Active liquids composed of densely packed spinning units represent a new class of active materials where both energy and angular momentum are injected into the system at the microscopic level. Spontaneous emergence of global polar states such as particle flocks and vortices are prime examples of remarkable collective dynamics and self-organization observed in active liquids. The formation of globally correlated polar states in geometrically confined systems proceeds through the emergence of a macroscopic steadily rotating vortex that spontaneously selects a clockwise or counterclockwise global chiral state. Here, we reveal that a global vortex of active rollers exhibits state memory. The instantaneous inter-particle positional order encodes the information about the chiral state. This information remains stored even if the energy injection is ceased and activity is terminated. When the system is re-energized, the subsequent formation of the collective states is not random. We demonstrate in experiments and simulations a controlled sequence of the emergent vortical states in an ensemble of Quincke rollers.
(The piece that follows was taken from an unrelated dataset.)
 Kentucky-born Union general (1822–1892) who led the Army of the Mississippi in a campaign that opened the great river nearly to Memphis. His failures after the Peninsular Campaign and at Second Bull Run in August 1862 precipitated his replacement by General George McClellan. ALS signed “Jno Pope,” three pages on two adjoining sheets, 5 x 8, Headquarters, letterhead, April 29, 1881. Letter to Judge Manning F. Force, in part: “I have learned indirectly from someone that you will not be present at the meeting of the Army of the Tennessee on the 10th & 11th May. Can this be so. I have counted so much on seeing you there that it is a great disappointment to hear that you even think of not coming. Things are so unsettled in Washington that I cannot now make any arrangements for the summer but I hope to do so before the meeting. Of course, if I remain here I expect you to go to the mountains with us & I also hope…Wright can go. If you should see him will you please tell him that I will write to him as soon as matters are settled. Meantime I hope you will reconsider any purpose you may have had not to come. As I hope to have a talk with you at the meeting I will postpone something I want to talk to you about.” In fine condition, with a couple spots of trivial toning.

Our work provides new fundamental insights into mechanisms of the spontaneous formation of the collective polar states in active systems. The particle local arrangement and inter-particle interactions can be exploited to systematically command the subsequent polar states of an active liquid through temporal control of the activity. With chirality of the emergent collective states controlled on-demand, active polar liquids offer new possibilities for flow manipulation, transport, and mixing at the microscale.